「すばらしい構築物! 不気味でしかも美しい!」

 

 前回(「ランとニアのエロティックな朝」)に引き続き、何だこれ?と思われそうなタイトルです。このタイトルの出典がわかる人がはたしているのか(笑)。『新世界戦隊』(ランデヴー版)導入部、第2ページ目における名無しのエスパー(アニメ版のウモスに当たる男)の台詞がこれ。ストーリー開始後初めての台詞らしい台詞でありながら見事に意味不明。直後に「おれは!なんでここにいるんだ?」「おれは・・・・・・ ・・・・・・だれだ?」と男が記憶を失っていることを自覚し〈ツアーを殺せ!〉との暗示を受けるので、話がそちらへ行ってしまい「すばらしい構築物」が何を指していたのか全くわからないままである。

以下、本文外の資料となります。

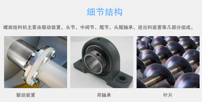 螺旋給料機(jī)主要由驅(qū)動(dòng)裝置、頭節(jié)、中間節(jié)、尾節(jié)、頭尾軸承、進(jìn)出料裝置等幾部分組成。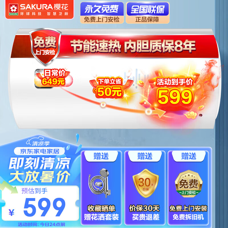 樱花(SAKURA)40升电热水器 速热大水量 家用储水式热水器 大功率节能保温 SHW-40QY05价格:699.00元!

 普通なら男が記憶を取り戻す手がかりになる何か、たとえば男の職業(構築物に興味を持つんだから造型作家とか建築デザイナーとか。しかし体型的には設計する側より建てる側、肉体労働者風味である)を示唆していたりするところだが、この台詞はその後一切触れられることなく男も記憶が戻らぬまま死んでしまう。男の素性を知るうえのヒントとしてはまるでなっていないのである。ならば男とは無関係にストーリー上の伏線として機能しているかといえば、それらしい様子もない。とりあえず彼の生活圏(たぶん)でありエスパー五人組の出発点となった場所が大都会だというのがわかる(後の描写からすると惑星ディナールのどこからしい)くらいだ。つまり上で書いたようにおよそ意味不明な台詞なんである。ただかえって意味がわからないゆえに、そしてその後の展開から乖離しているゆえに、私は初読の時から妙にこの台詞が引っかかってしょうがなかった。「不気味でしかも美しい!」と形容される「すばらしい」構築物っていったい何だ?(男の目の前に広がる光景は巨大なビル群とカーブを描く道路、ドーム状の建物などだが、これらを「構築物」と表現するだろうか?)記念すべき商業誌初の『ロック』作品の最初の台詞だけに、何がしかの意図もしくは思い入れがあったんじゃないかと折りにふれ思いめぐらせてきたものだった。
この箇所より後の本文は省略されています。